We made it across the highway with minimal swerving but soon had to slow down to a crawl as the brown, rocky meadow didn’t lend itself to blast toward the town. We might have gotten away with using the highway for a mile or two but there were wrecks aplenty across both lanes that made going more or less straight cross-country easier—until even that drew too much attention. Martinez and I had long since fallen silent, both of us concentrating on our tasks. I knew that the rumbling of the engine rather than the very-muted tones of my voice inside the car was what drew the shamblers, but I really didn’t feel like talking.
The lead car going maybe ten miles per hour stopped when we got to where our teams’ paths split, waiting for me and our wing car to pass by before they aimed farther east. We continued north, my right thigh painfully tense with every tap on the accelerator rather than the brakes. There was a lot of movement between the wrecks now, also from those that had spilled from the highway onto the even banks left and right of the road. Ahead, I could see the first buildings of a small industrial area, and farther east brown grassland turned to the lusher greens of a residential area, although “lush” really was pushing it after months without irrigation. A hint of green rather than the omnipresent brown was more like it. It would have been so much easier to simply use the road, but rocking over the brown grass in between the highway and the houses looked like the safer route.

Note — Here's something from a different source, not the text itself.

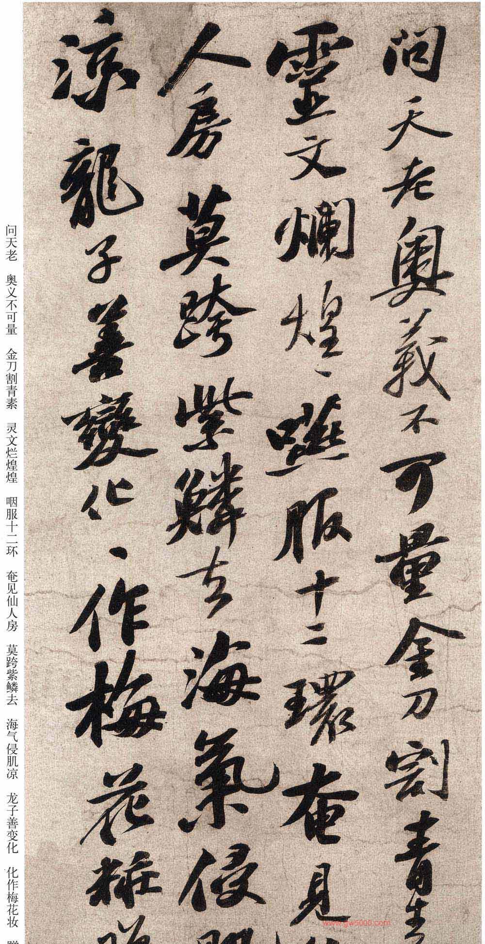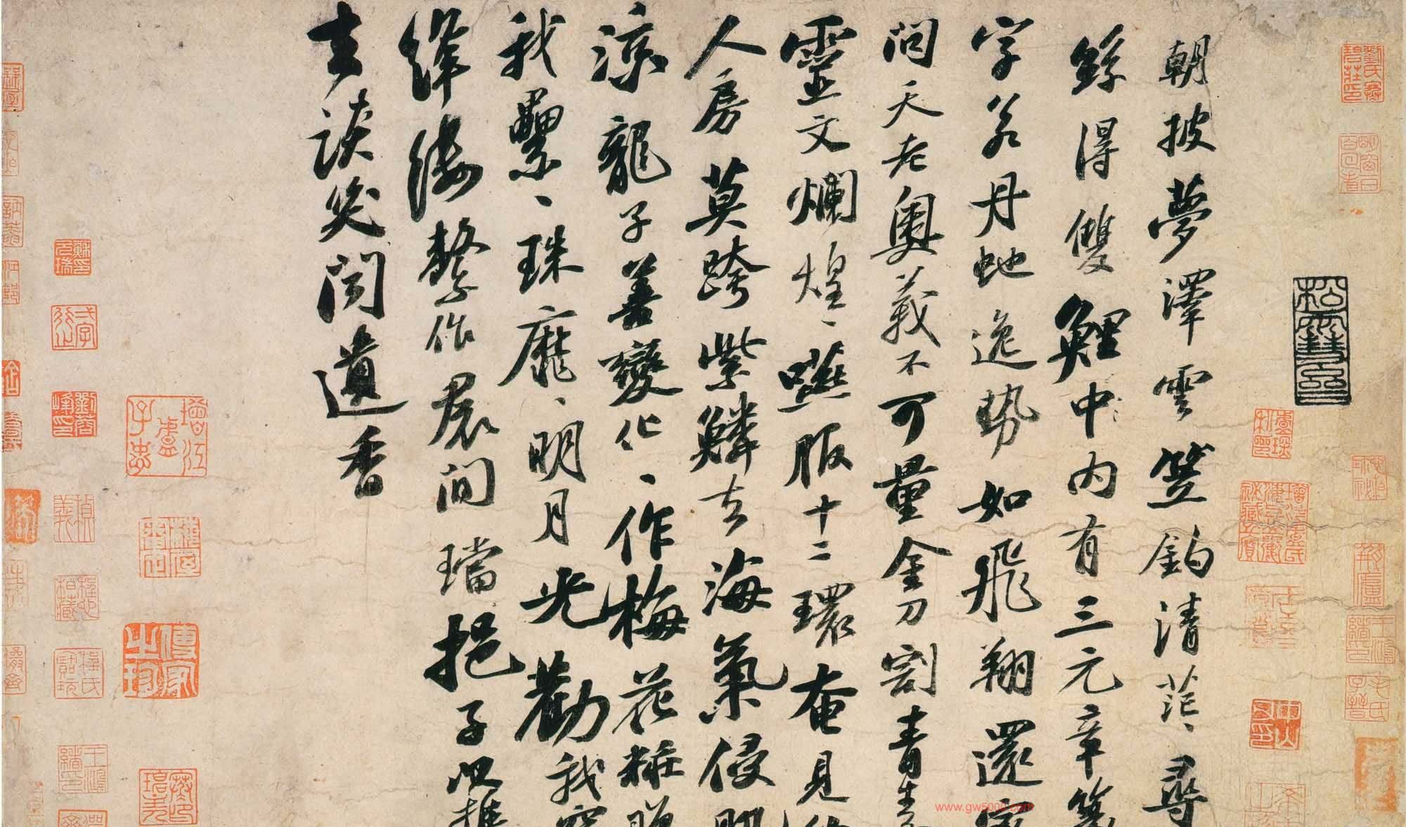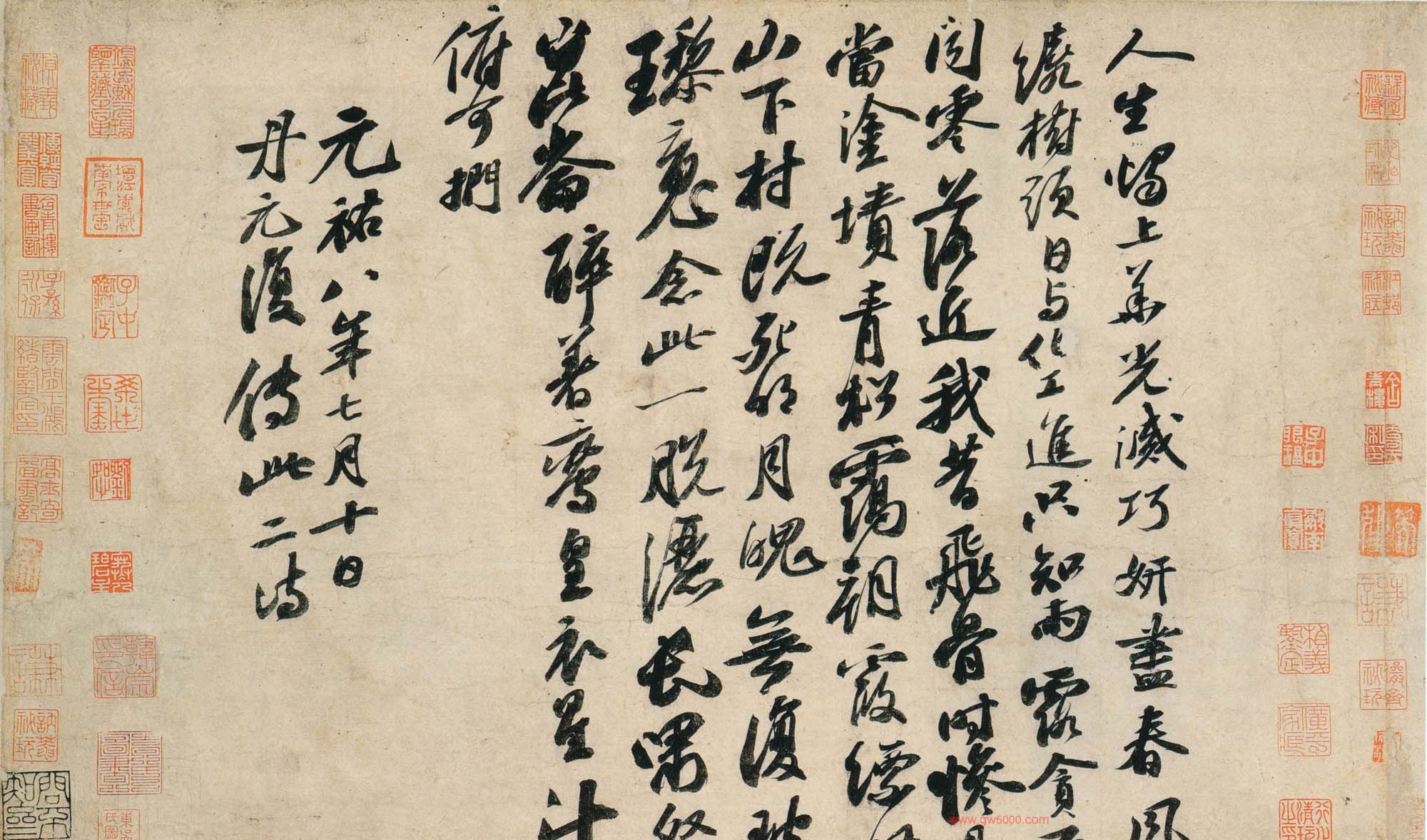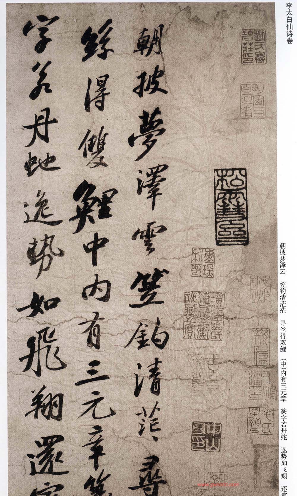 该帖为苏轼58岁时书。清高士奇《江村销夏录》著录。后有蔡松年、施宜生、刘沂、高衍及张弼、高士奇、沈德潜等明、清人跋。此帖已流入日本。施宜生谓“颂太白此语。则人间无诗,观东坡此笔则人间无字。”此两诗为逸诗《李太白文集》所不载。太白之诗共两首。第一首娓娓道来,仙气拂拂,引人入胜。第二首凄清空逸超脱人寰。书则第一首灵秀清妍,姿致翩翩,后十句渐入奇境,变化多端,神妙莫测。第二首驰骋纵逸,纯以神行人书合一,仙气飘渺,心随书走,非复人间之世矣。此书境界,颇难企及。

A few months ago, it would have taken us ten minutes and a drive right up to the gate to get where we wanted. Now, we spent half an hour slowly rocking toward our destination. A good mile south of the lake I could see glistening in the sunlight I stopped, turning to Martinez. “Suggestion: we walk the rest of the way and check out what we can find in the warehouses first, then get the cars if we need to.”

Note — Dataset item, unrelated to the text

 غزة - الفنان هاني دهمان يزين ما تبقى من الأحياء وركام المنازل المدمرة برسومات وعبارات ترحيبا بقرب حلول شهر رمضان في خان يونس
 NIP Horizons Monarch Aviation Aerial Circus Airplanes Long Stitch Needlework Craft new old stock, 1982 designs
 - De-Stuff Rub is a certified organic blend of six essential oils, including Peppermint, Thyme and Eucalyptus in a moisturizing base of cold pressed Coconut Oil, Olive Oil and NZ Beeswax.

He considered for a moment. “You mean, if we can’t just load everything into a truck right then and there and use that to get it out?”
I nodded. “We don’t have to drive it back to the bunker. Just away from the city will be enough. You heard Miller; we can always return for the cars later. Same goes for the goods we haul out. It’s not the fastest way to do a grab and dash, but with luck we only need a single round and a few days at the most to get it all done.”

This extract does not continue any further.